Two More Circuit Courts Reject COVID-19 Business-Interruption Claims

By Jim Sams | December 28, 2021

The 2nd Circuit Court of Appeals ruled Monday that the coronavirus did not cause a direct physical damage or loss to a New York City art gallery — issuing the latest in a long series of defeats for policyholders seeking coverage for losses caused by pandemic closure orders.

Its was the second federal appellate court ruling within a week that rejected a COVID-19 business-interruption claim. The 10th Circuit on Dec. 21 affirmed dismissal of a similar lawsuit filed by Goodwill Industries.

In total, eight of 12 US Circuit Courts have ruled against lawsuits that sought coverage for income lost because of the coronavirus pandemic.

10012 Holdings Inc. operates the Guy Hepner art gallery in Manhattan. The company sought coverage under a commercial property policy issued by Sentinel Insurance Co. after the state temporarily shut down non-essential businesses in March 2020 to slow the spread of COVID-19. Sentinel denied the claim, saying there was no physical damage to the gallery or in the immediate area.

The US District Court for Southern New York granted the insurer’s motion to dismiss a lawsuit filed by the art gallery. A panel of the 2nd Circuit affirmed the ruling.

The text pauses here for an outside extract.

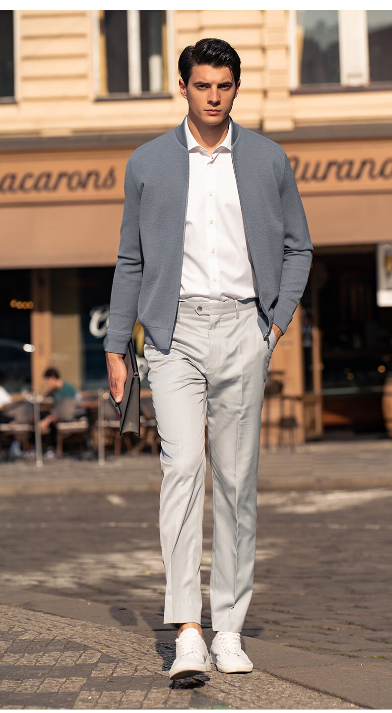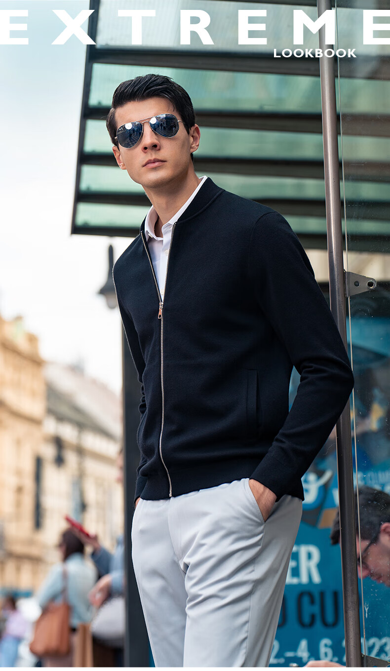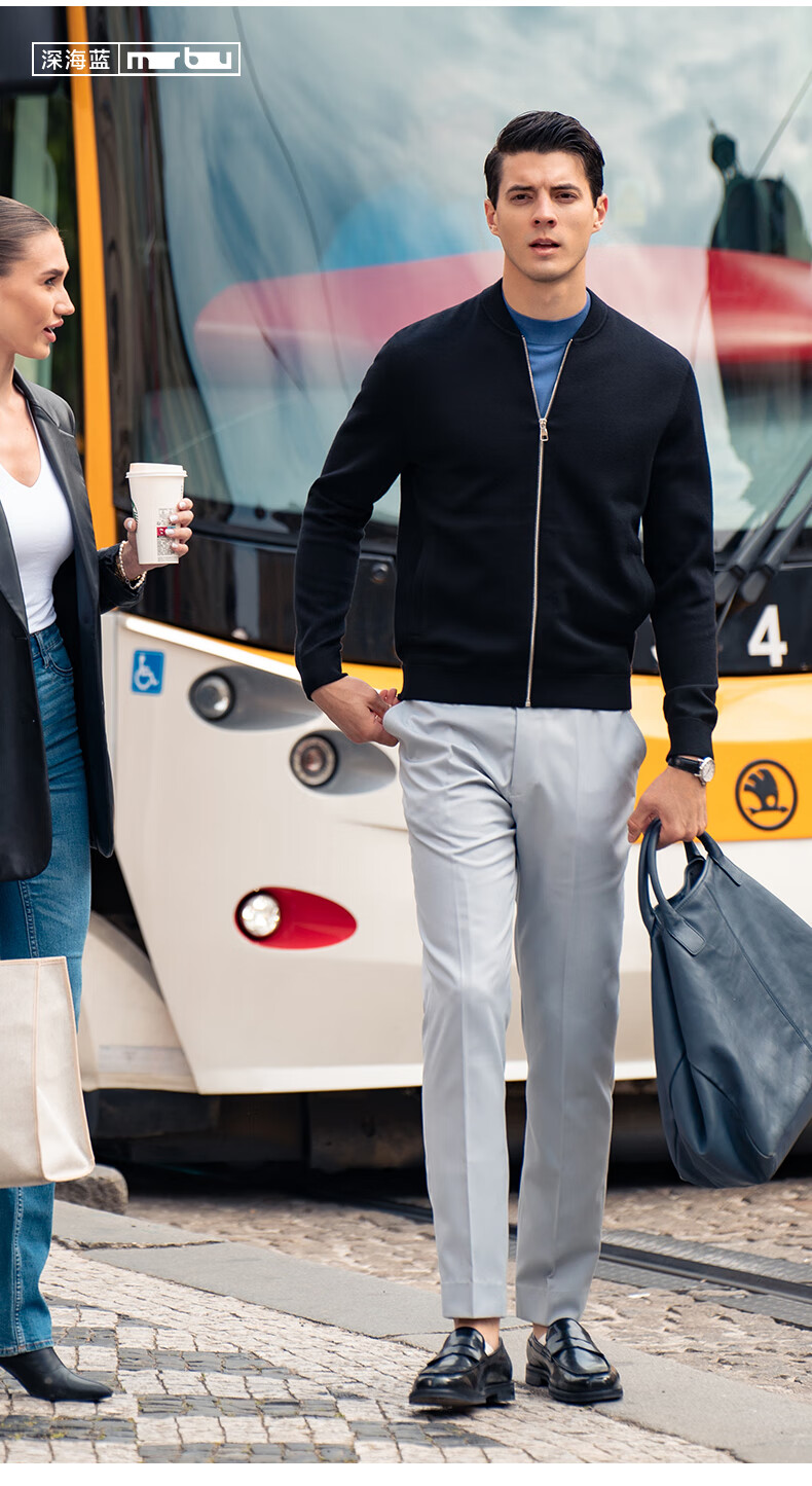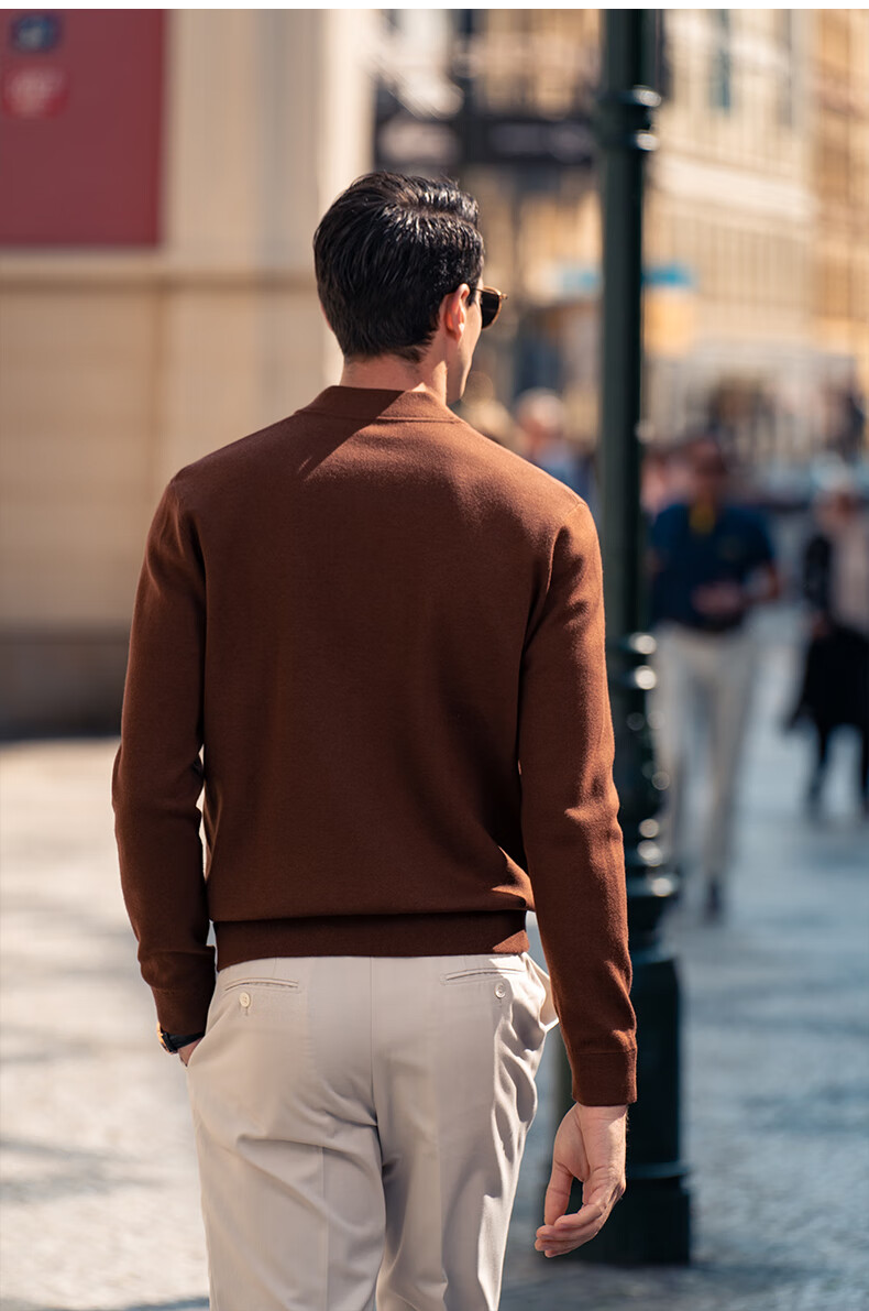 Mr. Bu spring and autumn new style wool cardigan jacket long-sleeved solid color clothes middle-aged men's clothing BT12016 deep sea blue L (175)

The panel’s opinion said New York law on business interruption claims was interpreted by an appellate court decision in 2002, titled Roundabout Theatre Co. v. Cont’l Cas. Co. In that case, the theater sought coverage for income lost when it had to cancel performances because of a street closure. The court decided that the monetary loss was not covered because there was no physical damage.

10012 Holdings alleged that it was owed coverage under the business Income, extra expense and civil authority provisions of its policy. It pointed to a decisions that awarded coverage for similar misfortunes.

For example, courts determined Pepsico was owed coverage for the cost of a batch of soft drink product that had to be discarded because it had been produced using faulty ingredients. Also, courts have determined that particulates such as asbestos, odors and noxious fumes could trigger coverage under certain policies.

But the appellate panel said that there’re loss of use of premises when there is no physical damage does not constitute a “direct physical loss” that is covered by the policy’s business income and extra income provisions. The civil authority provision in the policy also does not apply because there was no “risk of direct physical loss” to the property; rather the government orders that forced the art gallery to close were issued because of a risk to public health.

The panel also denied a request by the art gallery to send a certified question to the New York Supreme Court, which has final say over interpretations of state law.

“If there were disagreement in the lower New York courts, certification might still be justified, but as we already noted, every New York court interpreting the phrase ‘direct physical loss’ has read it the same way and denied coverage,” the opinion says.

A panel of the 10th Circuit Court of Appeals also denied coverage for COVID-19 business losses after hearing an appeal filed by Goodwill Industries of Central Oklahoma. Philadelphia Indemnity Insurance Co. had denied its claim for business income lost after it was forced to close because of the pandemic.

“The business income provision unambiguously covered only losses stemming from physical alteration or tangible dispossession of property,” the panel’s opinion says. “Neither occurred here.”

The 4th, 6th, 7th, 8th, 9th, and 11th Circuit Courts have also rejected arguments that COVID-19 caused a direct physical loss or damage covered by commercial insurance policies.

About the photo: An exhibit of works by artist Loribelle Spirovski at the Guy Hepner art gallery is shown. Photo courtesy of Guy Hepner.